Similarly to other myopathies, there is an increased risk of malignant hyperthermia in DMD [29, 30]. In extreme cases, patients have died intraoperatively from sudden cardiac arrest. Typically, anesthesiologists refrain from using anesthetics that trigger malignant hyperthermia in this population. Awareness of the risk will maximize the preparedness of the entire team for these medically complicated patients. Additionally, Duckworth et al. demonstrated that patients with DMD had an increased overall rate of postoperative complications than those with other neuromuscular condition, including deep wound infection and hepatotoxicity, which appeared to be unique to DMD patients [31].

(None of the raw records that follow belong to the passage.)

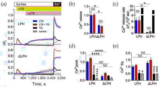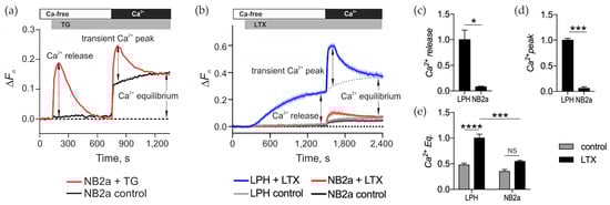 As we showed above, the αLTX-triggered release of neurotransmitters from motor neurons in a Ca2+e-free medium requires release of Ca2+, which at least in part comes from the ER (Section 2.2). Therefore, we investigated whether αLTX also triggers the release of Ca2+ from the ER in our model cells expressing the two receptor variants. LPH- and ΔLPH-expressing NB2a cells were treated with 0.3 μM TG in a Ca2+-free medium and then stimulated with αLTX (Figure 6).
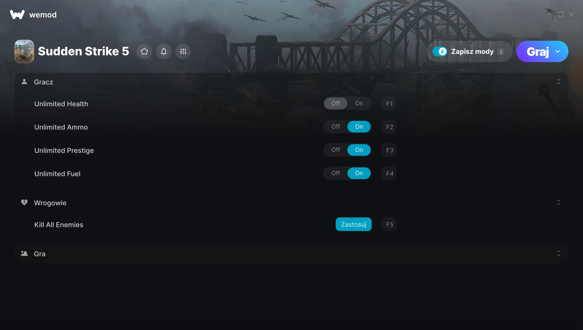 85MB Windows ...lub odwiedź nas na swoim komputerze, aby pobrać aplikację Pobierz Nieograniczone zdrowie, Nielimitowana amunicja & Inne mody: 4 for Sudden Strike 5 with WeMod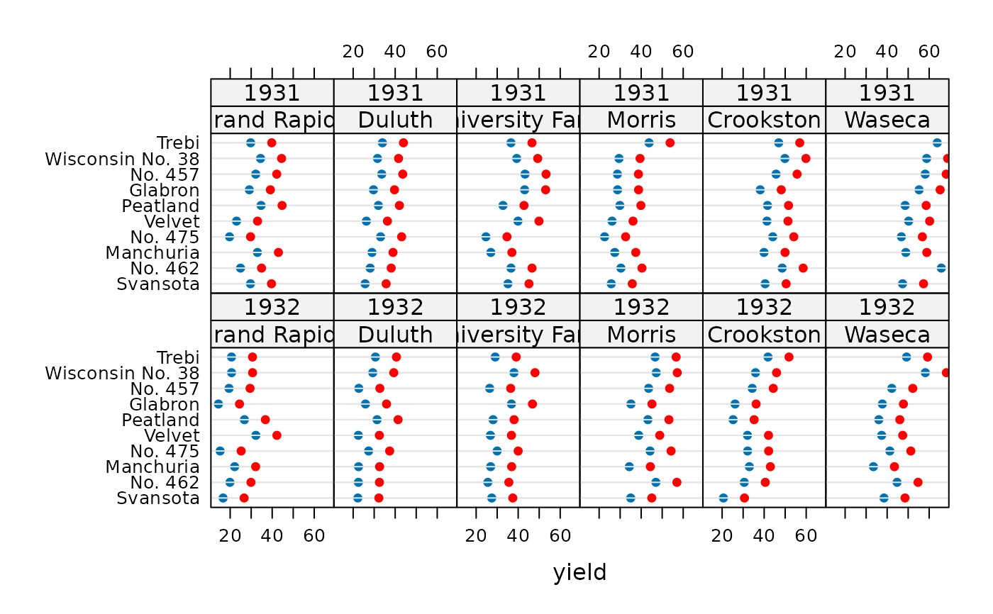 dotplot(variety ~ yield | site * year, data = b1, subscripts = TRUE) +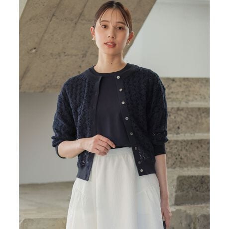 ■デザイン・オリジナルレースを全面にあしらったカーディガンは、端正な襟元とコンパクトなクロップド丈がシックでモダンな印象に。・首や肩が美しく見える絶妙なルーズフィットなサイズ感にこだわりました。・前後着用ができ、プルオーバーとしての完成度の高さも魅力です。・絶妙な分量感で背中のお肉や、腕の気になる部分をカバーしてくれるシルエットも嬉しいポイントです。・袖をたくし上げた時のボリューム感にもこだわりました。・スタイルアップして見えるようなシルエットを追求し、ウエストのリブを工夫することでウエスト位置を高く見せ、メリハリのあるラインを実現。・横から見ても曲線的で女性らしい柔らかな印象にしています。・気どらない女性らしさを演出し、シンプル以上の着こなしにしてくれます。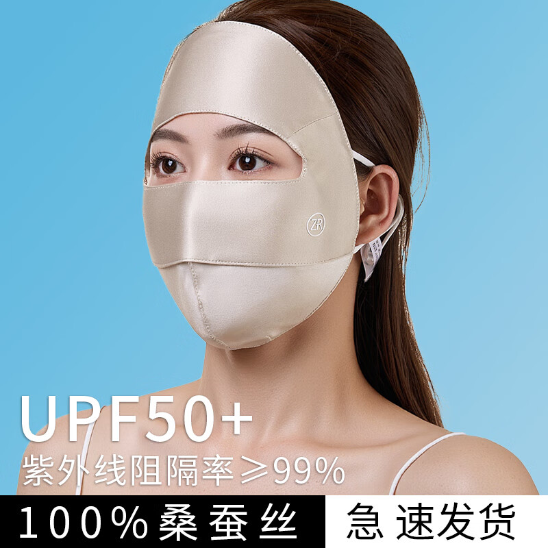 朱尔真丝防晒面罩100%桑蚕丝遮全脸面罩脸基尼防紫外线口罩女 香槟色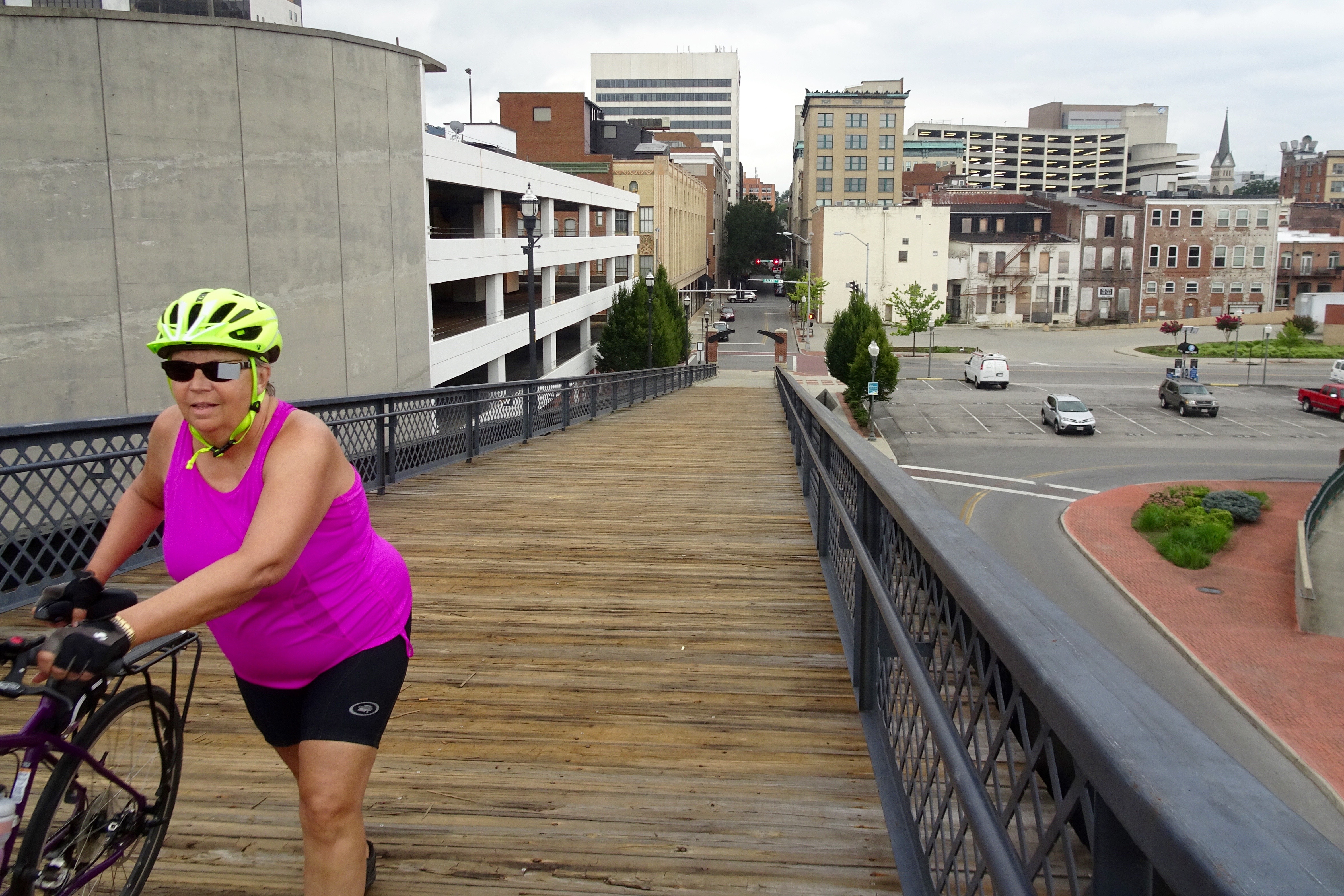 We extended the Airport Ride to include part of the Greenway bike paths. After coffee at Mill Mountain Coffee & Tea in downtown, we walked up the very steep Martin Luther King Bridge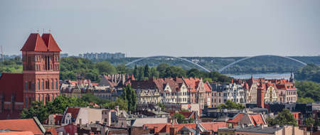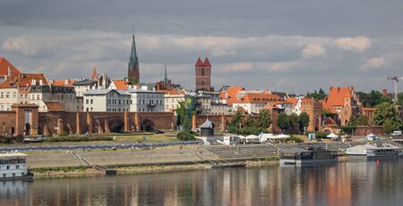 Torun, Poland - August 2020 : Panoramic view of the tenement houses, church tower and arched bridge over Vistula river Old town in Torun in summer,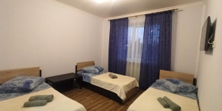 Трехместный номер стандарт с 3 односпальными кроватями, с душем и СУ, есть ТВ и wi-fi.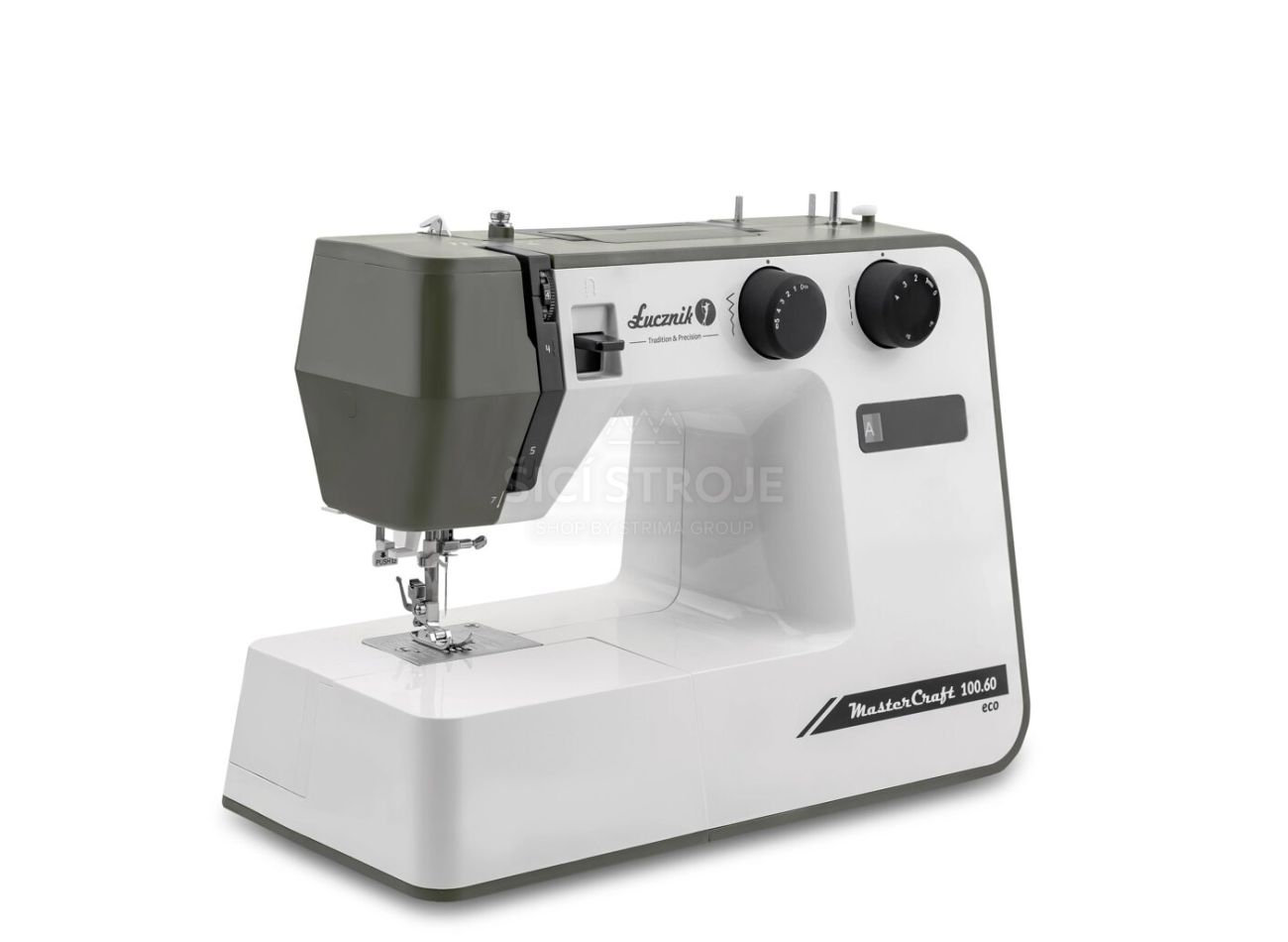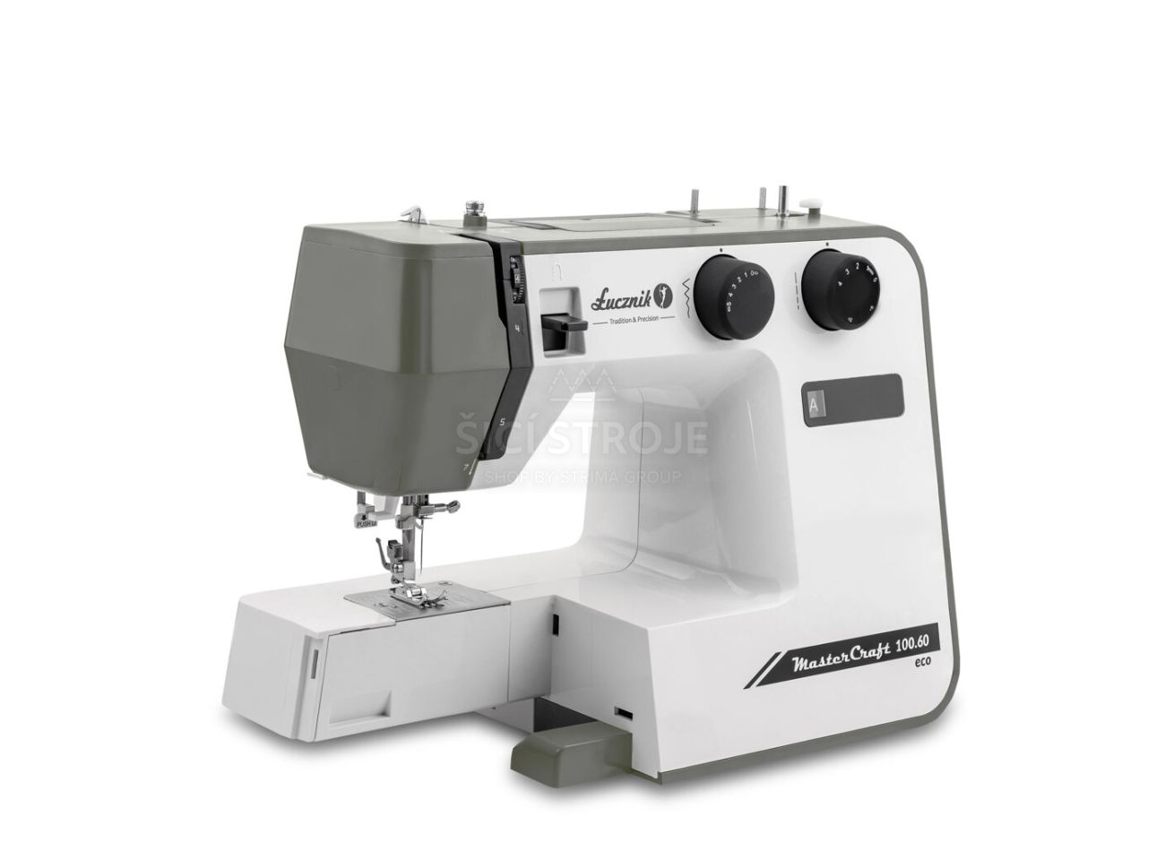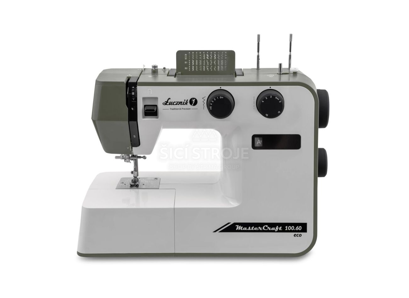 Šicí stroj Lucznik Master Craft 100.60, mechanický stroj s nízkou spotřebou pro běžné potřeby, 34 programů, automatický navlékač jehly, automatická knoflíková dírka, možnost regulace délky a šířky stehu.

2.3 Nonsurgical Management of Scoliosis

Spinal deformity in DMD rarely develops in the ambulatory patient. Therefore, close screening of these patients should begin when the patient begins using a wheelchair fulltime. In those rare cases when scoliosis develops in an ambulatory patient, bracing should not be utilized. Evidence suggests that bracing in this situation is ineffective and may decrease the ability to walk [20]. For the nonambulatory scoliosis patient, bracing has also been discouraged. Previously published reports have shown that while there is a decrease in the rate of progression, orthotics do not prevent the development of severe scoliosis [2, 32].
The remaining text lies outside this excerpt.